If that does not happen then the split logs of that crashing RS may not happen.
May be in actual scenario though the master does not process as dead server by 
splitting the logs it will any way wait for ServerShutDownHandler to process it.

what do you feel Gao?
                
> There is data loss when master failovers
> ----------------------------------------
>
>                 Key: HBASE-4511
>                 URL: https://issues.apache.org/jira/browse/HBASE-4511
>             Project: HBase
>          Issue Type: Bug
>          Components: master
>    Affects Versions: 0.92.0
>            Reporter: gaojinchao
>            Priority: Critical
>             Fix For: 0.92.0
>
>         Attachments: 
> org.apache.hadoop.hbase.master.TestMasterFailover-output.rar
>
>
> It goes like this:
> Master crashed ,  at the same time RS with meta is crashing, but RS doesn't 
> eixt.
> Master startups again and finds all living RS. 
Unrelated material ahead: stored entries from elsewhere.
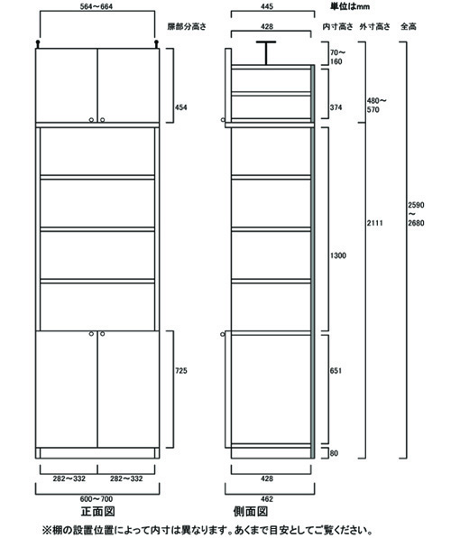- ■外寸奥行46cm×高さ259.1~268.1cm×幅60~70cm(幅は1cm単位でオーダーできます)
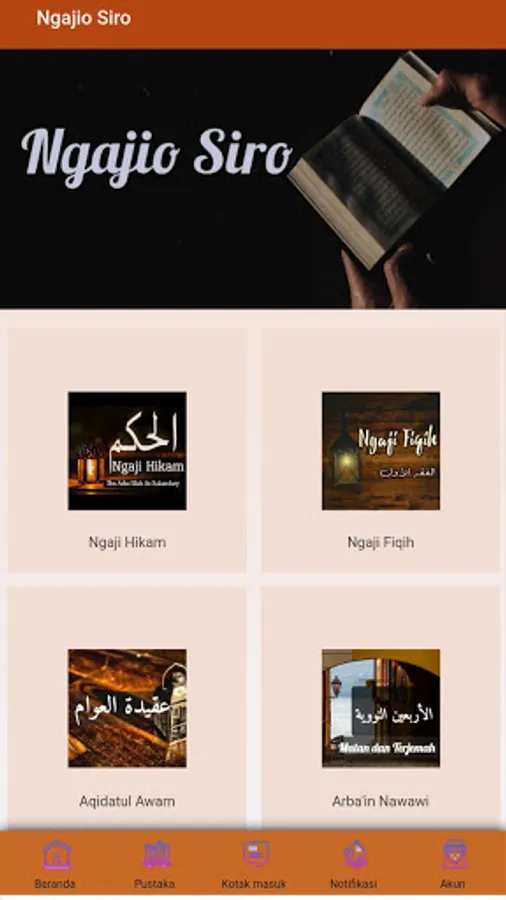 Ngajio Siro is an Islamic religious learning application for beginners (laymen), the content in the application contains basic material about fiqh, hadith, faith and tasawuf.
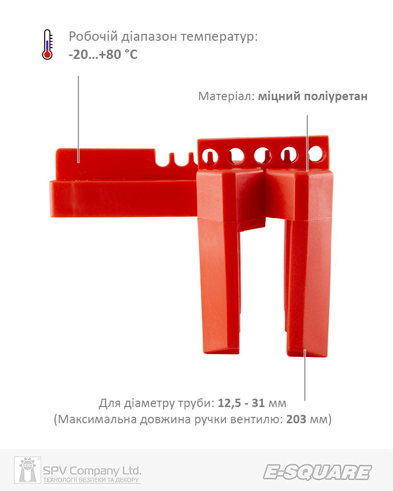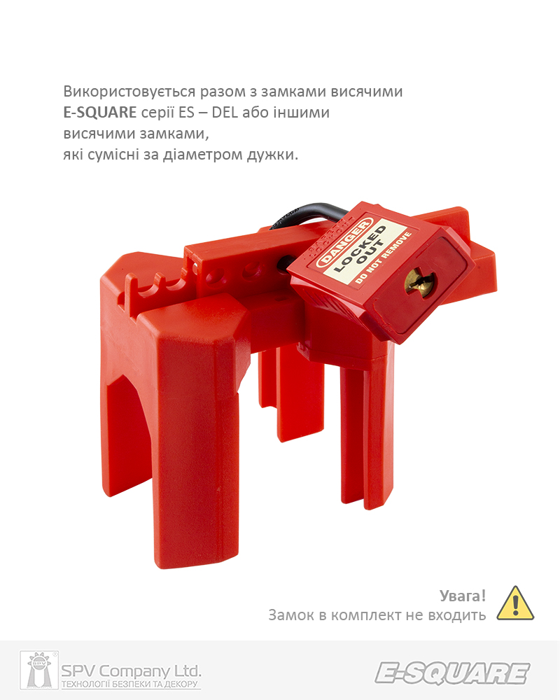 Накладний блокіратор – універсальний та зручний пристрій для блокування кульових вентилів. Може бути встановлений на більшість наявних у світі кульових вентилів. Виготовлений з діелектричного матеріалу, стійкий до механічних пошкоджень. Використається разом з замками висячими E-SQUARE серії ES – DEL або іншими висячими замками, які сумісні за діаметром дужки. Можливе блокування вентилю у зачиненому або відчиненому положенні.
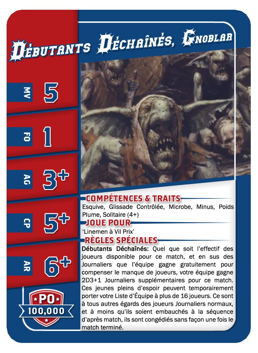 0-16Gnoblar Linemen15,000513+5+6+Esquive, Glissade Contrôlée, Microbe, Minus, Poids PlumeAG1,2,3,4
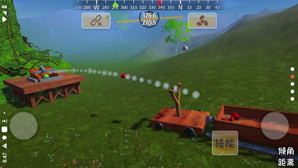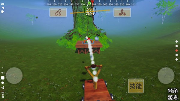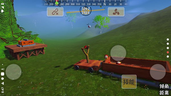 2、左边的按钮是用来控制弹弓车的,前后左右转动可以控制弹弓移动,转换不同的视角。

> Master verifies the meta failed,  because this RS is crashing.
> Master reassigns the meta, but it doesn't split the Hlog. 
> So some meta data is loss.
> About the logs of a failover test case fail. 
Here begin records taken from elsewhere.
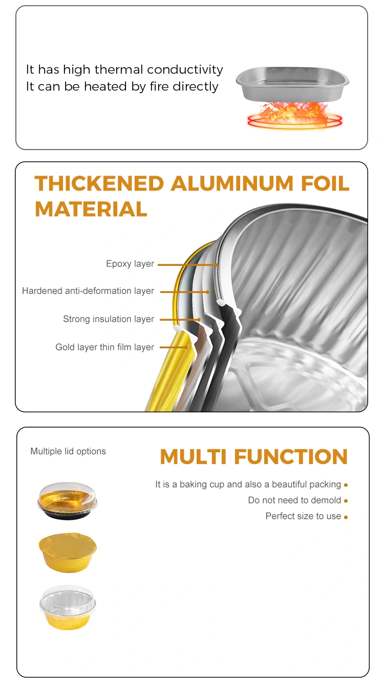 Това е идеалната опаковка за яйчени тарти, браунита, кексчета, единични парчета пица или люспести сладкиши. Изолационните свойства на алуминиевото фолио спомагат за запазване на топлината и меката текстура на сладкишите веднага след изпичането им; перфектно запазва вкуса и е подходящ за вкъщи от пекарни и кафенета.
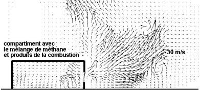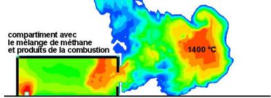 Risques d’Inflammation d’Imbrûlés lors d’un Incendie en Espace Confiné : Le feu en espace confiné sous-ventilé, est contrôlé par un grand nombre de paramètres, tels que la disposition des objets inflammables, et le type du combustible, ainsi que la quantité d’oxygène. La flamme s’éteint par manque de comburant avant d’avoir consommé tout le combustible présent, la dépression qui découle du refroidissement des gaz brûlés provoque une entrée d’air en cas de présence d’une ouverture, favorisant le mélange combustible/air. Les gaz du combustible imbrûlé, en contact avec l’air, s’enflamment dans des limites d’inflammation. Lorsque l’intensité du feu est importante au point d’augmenter rapidement la pression suite à l’augmentation de la température des gaz brûlés, la situation revient à celle d’un feu éjecté vers l’extérieur avec des vitesses importantes, c’est un phénomène de retour de flamme (backdraft).
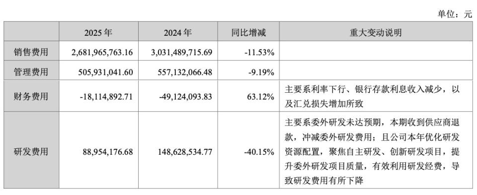 答案藏在费用端。2025 年,汤臣倍健三项核心费用全面压缩:销售费用从 30.31 亿元降至 26.82 亿元,同比下降 11.53%;管理费用从 5.57 亿元降至 5.06 亿元,同比下降 9.19%;研发费用则从 1.49 亿元骤降至 8895 万元,同比下跌 40.15%。

> //It said that we want to kill a RS
> 2011-09-28 19:54:45,694 INFO  [Thread-988] regionserver.HRegionServer(1443): 
> STOPPED: Killing for unit test
> 2011-09-28 19:54:45,694 INFO  [Thread-988] master.TestMasterFailover(1007): 
> RS 192.168.2.102,54385,1317264874629 killed 
> //Rs didn't crash. 
> 2011-09-28 19:54:51,763 INFO  [Master:0;192.168.2.102,54557,1317264885720] 
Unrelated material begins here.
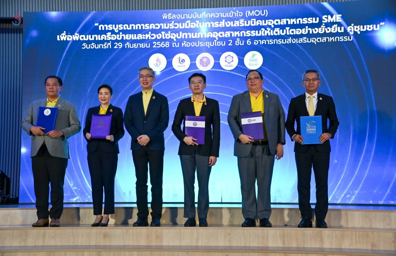 กรมโรงงานฯ จับมือ 4 หน่วยงาน จัด MOU ใหญ่! ปั้น ‘นิคมฯ SMEs’ หนุน ธุรกิจไทยแข็งแกร่ง เมื่อวันที่ 29 กันยายน 2568 กรมโรงงานอุตสาหกรรม (กรอ.) ร่วมผนึกกำลัง 4 หน่วยงานพันธมิตร ได้แก่ กรมส่งเสริมอุตสาหกรรม (DIPROM), การนิคมอุตสาหกรรมแห่งประเทศไทย (กนอ.), ธนาคารพัฒนาวิสาหกิจขนาดกลางและขนาดย่อมแห่งประเทศไทย (SME D BANKS) และสำนักงานปลัดกระทรวงการอุดมศึกษา วิทยาศาสตร์ วิจัยและนวัตกรรม (สป.อว.) ร่วมลงนามบันทึกความเข้าใจ (MOU) เดินหน้าสร้าง “นิคมอุตสาหกรรม SMEs” เพื่อรองรับผู้ประกอบการขนาดกลางและขนาดย่อมในการย้ายถิ่นฐานหรือขยายการผลิตเข้าสู่พื้นที่นิคมฯ ที่ได้มาตรฐานและเป็นระบบ
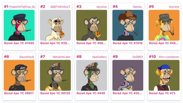 我们来举个例子。下图是 Rarity Tools 对 Bored Ape Yacht Club 前 10 的稀有度排序。

> master.HMaster(458): Registering server found up in zk: 
> 192.168.2.102,54385,1317264874629
> 2011-09-28 19:54:51,763 INFO  [Master:0;192.168.2.102,54557,1317264885720] 
> master.ServerManager(232): Registering 
> server=192.168.2.102,54385,1317264874629
> 2011-09-28 19:54:51,770 DEBUG [Master:0;192.168.2.102,54557,1317264885720] 
> zookeeper.ZKUtil(491): master:54557-0x132b31adbb30005 Unable to get data of 
> znode /hbase/unassigned/1028785192 because node does not exist (not an error)
> 2011-09-28 19:54:51,771 DEBUG [Master:0;192.168.2.102,54557,1317264885720] 
> zookeeper.ZKUtil(1003): master:54557-0x132b31adbb30005 Retrieved 33 byte(s) 
> of data from znode /hbase/root-region-server and set watcher; 
> 192.168.2.102,54383,131726487...
> //Meta verification failed and ressigned the meta. So all the regions in the 
> meta is loss.
> 2011-09-28 19:54:51,773 INFO  [Master:0;192.168.2.102,54557,1317264885720] 
> catalog.CatalogTracker(476): Failed verification of .META.,,1 at 
> address=192.168.2.102,54385,1317264874629; 
> org.apache.hadoop.hbase.regionserver.RegionServerStoppedException: 
> org.apache.hadoop.hbase.regionserver.RegionServerStoppedException: Server 
> 192.168.2.102,54385,1317264874629 not running, aborting
> 2011-09-28 19:54:51,773 DEBUG [Master:0;192.168.2.102,54557,1317264885720] 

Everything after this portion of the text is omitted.